## WHAT IS NEEDED
Extract exactly the lines from the top of the records through the line containing "Dzisiaj uczniowie klasy", and keep pictures out of the copy.

━━━━━ INFORMATION SUPPLIED

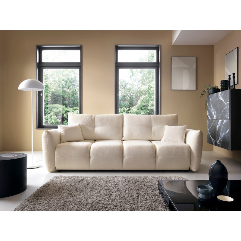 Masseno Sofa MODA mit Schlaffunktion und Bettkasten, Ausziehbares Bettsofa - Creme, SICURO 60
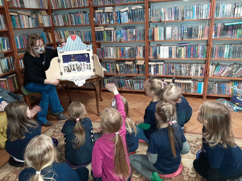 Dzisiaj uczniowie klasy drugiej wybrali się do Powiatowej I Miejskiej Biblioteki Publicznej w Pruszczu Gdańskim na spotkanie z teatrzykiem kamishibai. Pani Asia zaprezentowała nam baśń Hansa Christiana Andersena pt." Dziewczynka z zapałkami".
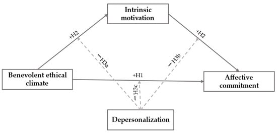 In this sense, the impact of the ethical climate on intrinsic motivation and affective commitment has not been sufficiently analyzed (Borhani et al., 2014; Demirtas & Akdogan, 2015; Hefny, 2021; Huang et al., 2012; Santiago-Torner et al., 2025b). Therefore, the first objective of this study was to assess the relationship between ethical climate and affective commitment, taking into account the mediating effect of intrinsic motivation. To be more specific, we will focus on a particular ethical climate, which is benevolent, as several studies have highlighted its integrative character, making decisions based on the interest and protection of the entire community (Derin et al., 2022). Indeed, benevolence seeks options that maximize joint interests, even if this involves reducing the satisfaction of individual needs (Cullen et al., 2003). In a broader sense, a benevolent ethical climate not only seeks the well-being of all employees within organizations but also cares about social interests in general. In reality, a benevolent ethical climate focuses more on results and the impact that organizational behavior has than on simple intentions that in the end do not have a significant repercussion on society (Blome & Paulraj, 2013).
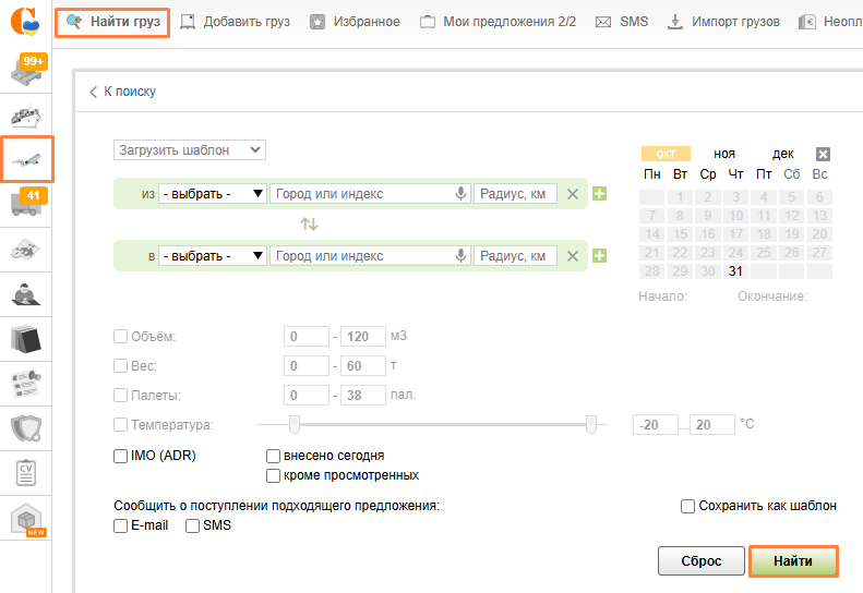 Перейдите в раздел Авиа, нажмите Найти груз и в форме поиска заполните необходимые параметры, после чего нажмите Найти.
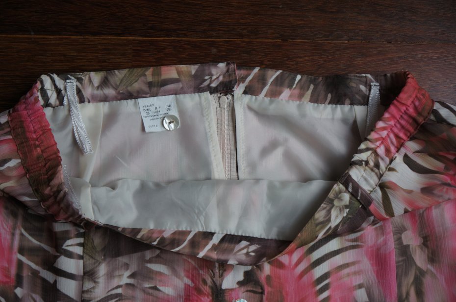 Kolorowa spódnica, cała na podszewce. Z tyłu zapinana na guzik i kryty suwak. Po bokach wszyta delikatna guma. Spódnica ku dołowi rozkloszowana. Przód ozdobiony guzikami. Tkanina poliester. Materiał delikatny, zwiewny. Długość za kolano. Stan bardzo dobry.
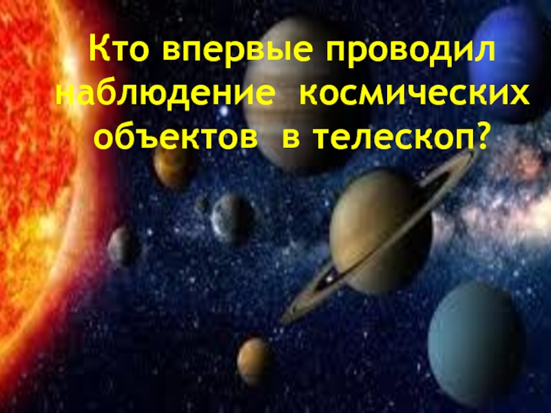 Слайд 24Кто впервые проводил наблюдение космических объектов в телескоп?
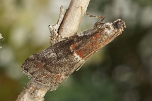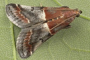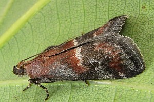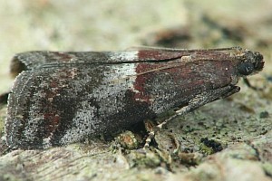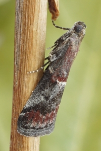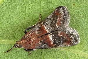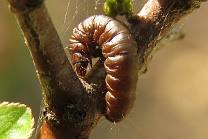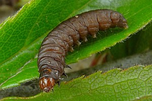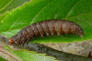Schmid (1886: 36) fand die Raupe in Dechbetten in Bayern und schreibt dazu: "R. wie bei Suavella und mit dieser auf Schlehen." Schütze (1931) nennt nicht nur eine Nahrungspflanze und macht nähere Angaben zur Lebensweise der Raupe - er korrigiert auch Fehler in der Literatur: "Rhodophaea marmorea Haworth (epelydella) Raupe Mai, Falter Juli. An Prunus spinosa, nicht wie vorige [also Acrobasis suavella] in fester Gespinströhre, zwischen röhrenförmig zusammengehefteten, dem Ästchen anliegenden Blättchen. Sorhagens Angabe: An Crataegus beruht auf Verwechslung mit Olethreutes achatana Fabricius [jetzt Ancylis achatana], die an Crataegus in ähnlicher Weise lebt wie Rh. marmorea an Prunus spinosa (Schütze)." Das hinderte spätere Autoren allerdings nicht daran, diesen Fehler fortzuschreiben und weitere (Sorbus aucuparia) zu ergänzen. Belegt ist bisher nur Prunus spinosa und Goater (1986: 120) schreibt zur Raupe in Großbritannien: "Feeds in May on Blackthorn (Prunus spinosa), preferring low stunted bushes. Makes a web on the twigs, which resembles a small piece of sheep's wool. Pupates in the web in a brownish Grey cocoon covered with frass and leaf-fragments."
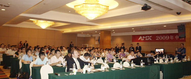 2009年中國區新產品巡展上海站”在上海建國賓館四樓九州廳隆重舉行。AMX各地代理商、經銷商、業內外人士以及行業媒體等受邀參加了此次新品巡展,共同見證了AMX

━━━━━━━━━━

## RESPONSE BOX
 Masseno Sofa MODA mit Schlaffunktion und Bettkasten, Ausziehbares Bettsofa - Creme, SICURO 60
 Dzisiaj uczniowie klasy drugiej wybrali się do Powiatowej I Miejskiej Biblioteki Publicznej w Pruszczu Gdańskim na spotkanie z teatrzykiem kamishibai. Pani Asia zaprezentowała nam baśń Hansa Christiana Andersena pt." Dziewczynka z zapałkami".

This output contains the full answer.